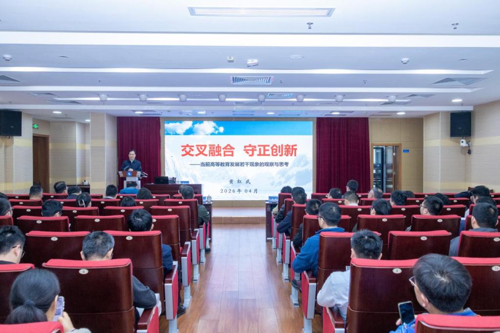 报告会上,黄红武教授从当下中国大学面临的形势与挑战出发,对新型研究型大学建设的时代内涵展开系统论述。他从AI赋能重构大学生态、交叉融合创新学科组织范式、以“产教融合、科教融汇”优化人才培养模式、借鉴相关理念完善治理机制四个方面介绍新型研究型大学的创新路径,从转型意义、核心使命、发展目标三个方面明确新型研究型大学的价值定位,对传统应用型大学构建新型二级学院的实践探索进行了分享。他提出要正确处理传统与创新、基础与应用等多重关系,推动高等教育从“象牙塔”向“社会创新引擎”转型。
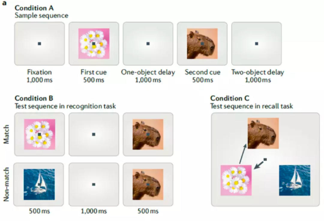 a.延迟匹配示例任务。条件A:任务的样本试验序列。猴子首先注视方块中心1,000ms,然后展示一个示例图像500ms,在延迟1,000ms后,展示第二个图像500ms,然后是第二个 1,000ms的延迟。之后要求猴子根据任务以不同的方式做出反应。条件B:识别任务序列。在条件A的第二次延迟之后,猴子会看到第二种两个图像的序列。第一个图像展示500ms,延迟1,000ms后,展示第二个图像500ms。当第二个图像序列与条件A中的原始序列一致时,就会发生匹配;当第二个图像序列与原始序列不一致时,匹配就会失败。猴子必须指出第二个序列是否匹配。条件C:回忆任务序列。在条件A的第二次延迟后,展示三个图像,要求猴子须按照显示的顺序选择条件A中原始序列显示的两个图像。
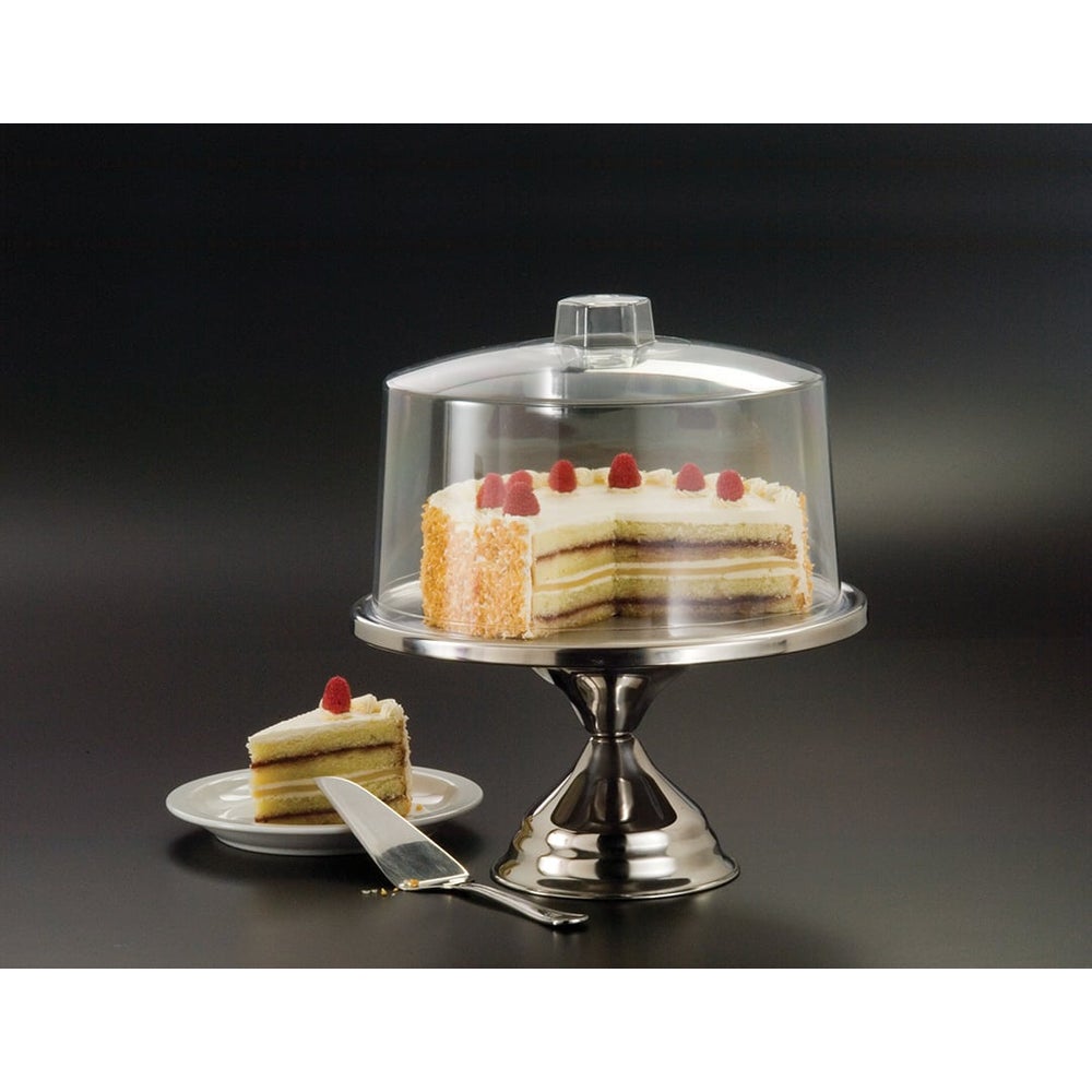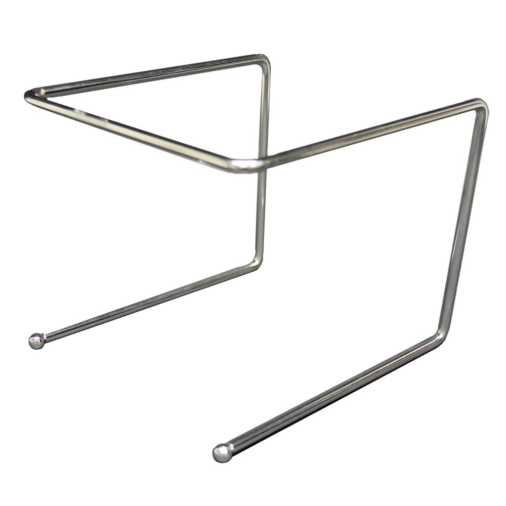 Este soporte para pizza cromado está fabricado con una estructura de acero duradera y proporciona espacio en la mesa a la vez que eleva la presentación de la pizza.
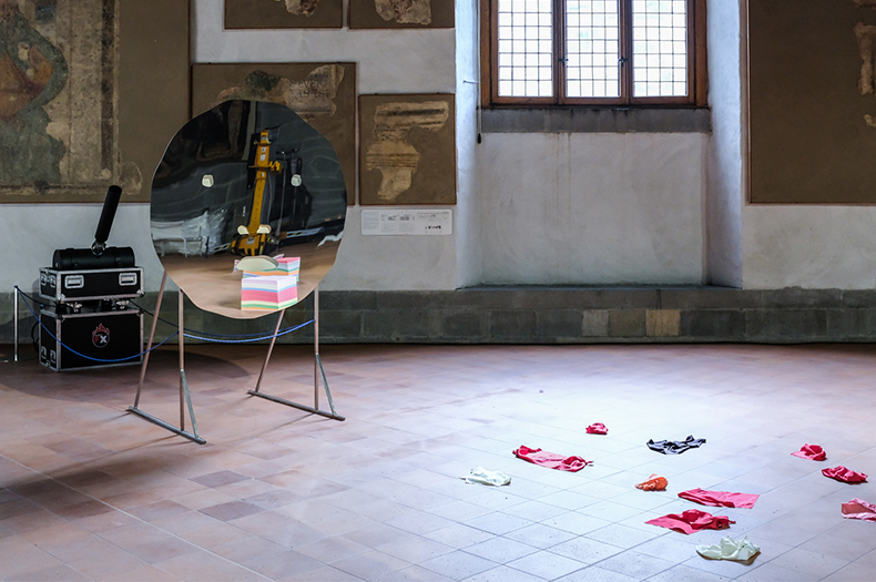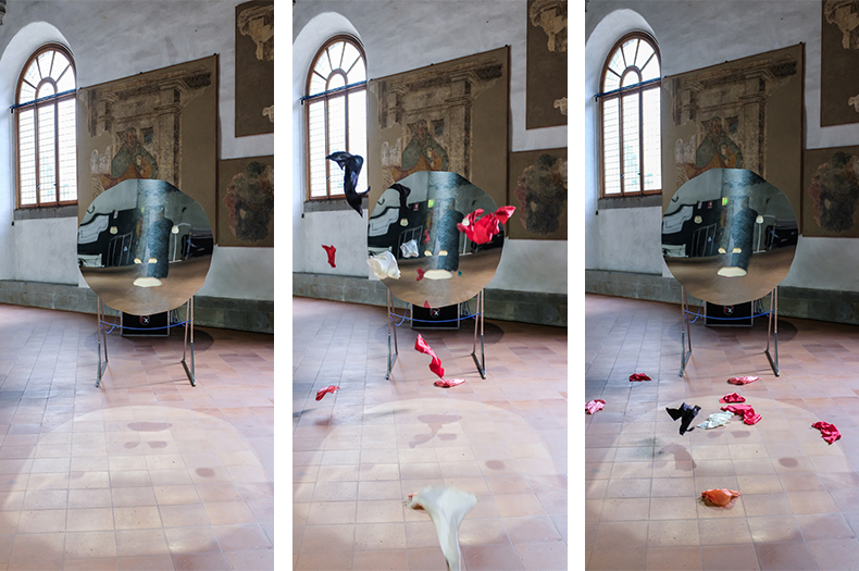 The exhibition “Il Dono. Tra la vita e la morte” takes as a point of departure from the Essai sur le Don ('The Gift’). Through historical works and new commission, the show investigates the theme of the gift, pushing it towards the two dialectical boundaries that determine the existence of every man: life and death. If “truth” remains the most discussed and indefinite theme in the contemporary world, the piece “La Bocca della Verità” questions the idea of truth, considering it as the true gift. Loosely inspired by the historic Roman “Bocca della Verità”, the large metal mask observes the viewer and, by mirroring him, confronts him. The mask releases into air silk handkerchiefs embroidered with his effigy. Once fired out of its mouth, they whirl around the room and finally land on the ground as an offering to the viewer.
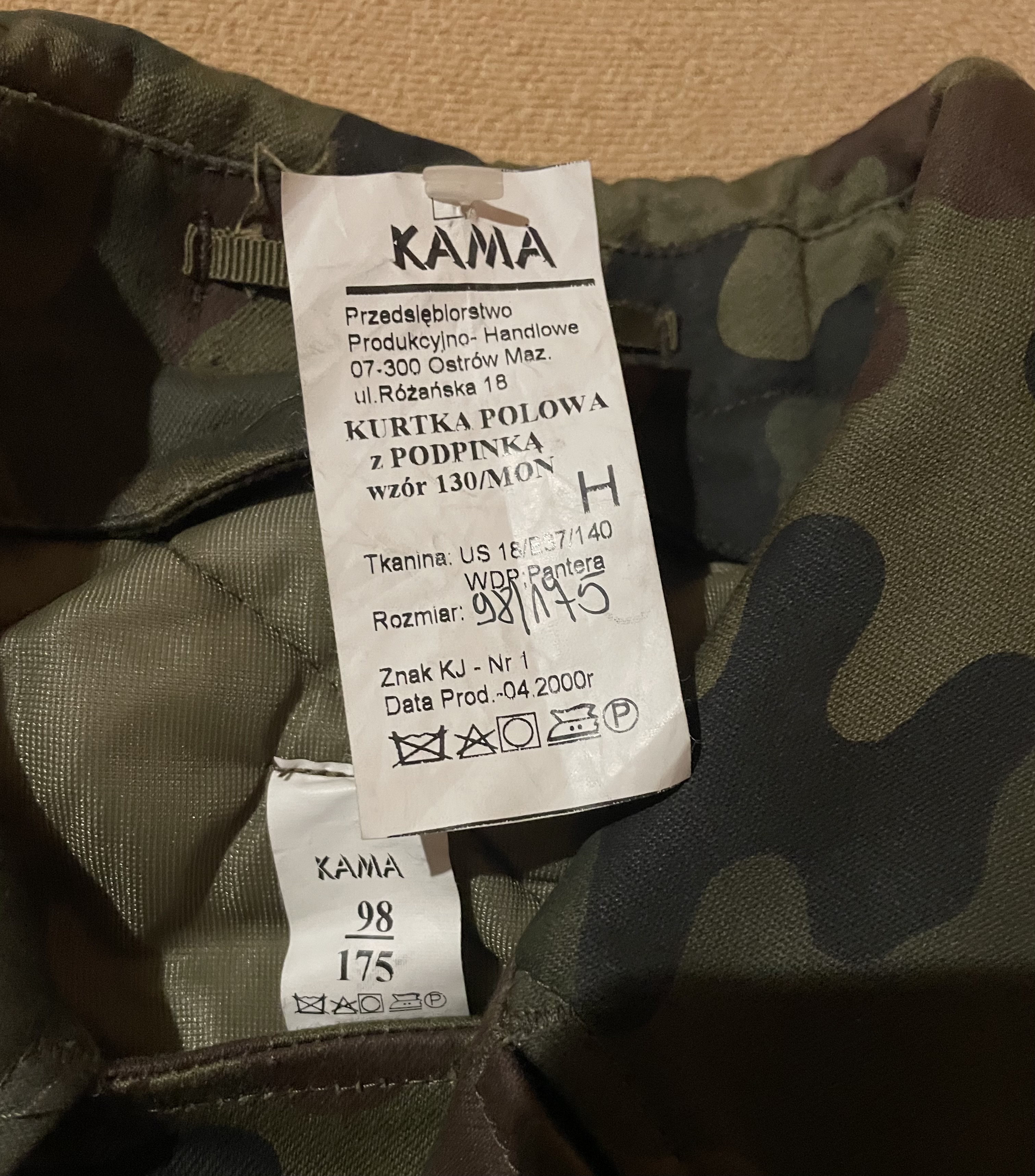 Kurtka wz.130 Mon tzw.Bechatka Producent Kama Rok produkcji 4.2000r Rozmiar 98/175 Wymiary zmierzone Klatka 65cm x2 Rękaw od pachy 54cm Rękaw od wszycia pagonu 64cm Plecy od wszycia kołnierza 82cm Możliwa wysyłka olx https://m.olx.pl/1028825824/?bs=olx_pro_listing
===
What you have to do → Lines from the start of the listing above through the line holding "Este soporte para" are to be duplicated exactly, and nothing more; leave out the pictures.

Written solution →
 报告会上,黄红武教授从当下中国大学面临的形势与挑战出发,对新型研究型大学建设的时代内涵展开系统论述。他从AI赋能重构大学生态、交叉融合创新学科组织范式、以“产教融合、科教融汇”优化人才培养模式、借鉴相关理念完善治理机制四个方面介绍新型研究型大学的创新路径,从转型意义、核心使命、发展目标三个方面明确新型研究型大学的价值定位,对传统应用型大学构建新型二级学院的实践探索进行了分享。他提出要正确处理传统与创新、基础与应用等多重关系,推动高等教育从“象牙塔”向“社会创新引擎”转型。
 a.延迟匹配示例任务。条件A:任务的样本试验序列。猴子首先注视方块中心1,000ms,然后展示一个示例图像500ms,在延迟1,000ms后,展示第二个图像500ms,然后是第二个 1,000ms的延迟。之后要求猴子根据任务以不同的方式做出反应。条件B:识别任务序列。在条件A的第二次延迟之后,猴子会看到第二种两个图像的序列。第一个图像展示500ms,延迟1,000ms后,展示第二个图像500ms。当第二个图像序列与条件A中的原始序列一致时,就会发生匹配;当第二个图像序列与原始序列不一致时,匹配就会失败。猴子必须指出第二个序列是否匹配。条件C:回忆任务序列。在条件A的第二次延迟后,展示三个图像,要求猴子须按照显示的顺序选择条件A中原始序列显示的两个图像。
 Este soporte para pizza cromado está fabricado con una estructura de acero duradera y proporciona espacio en la mesa a la vez que eleva la presentación de la pizza.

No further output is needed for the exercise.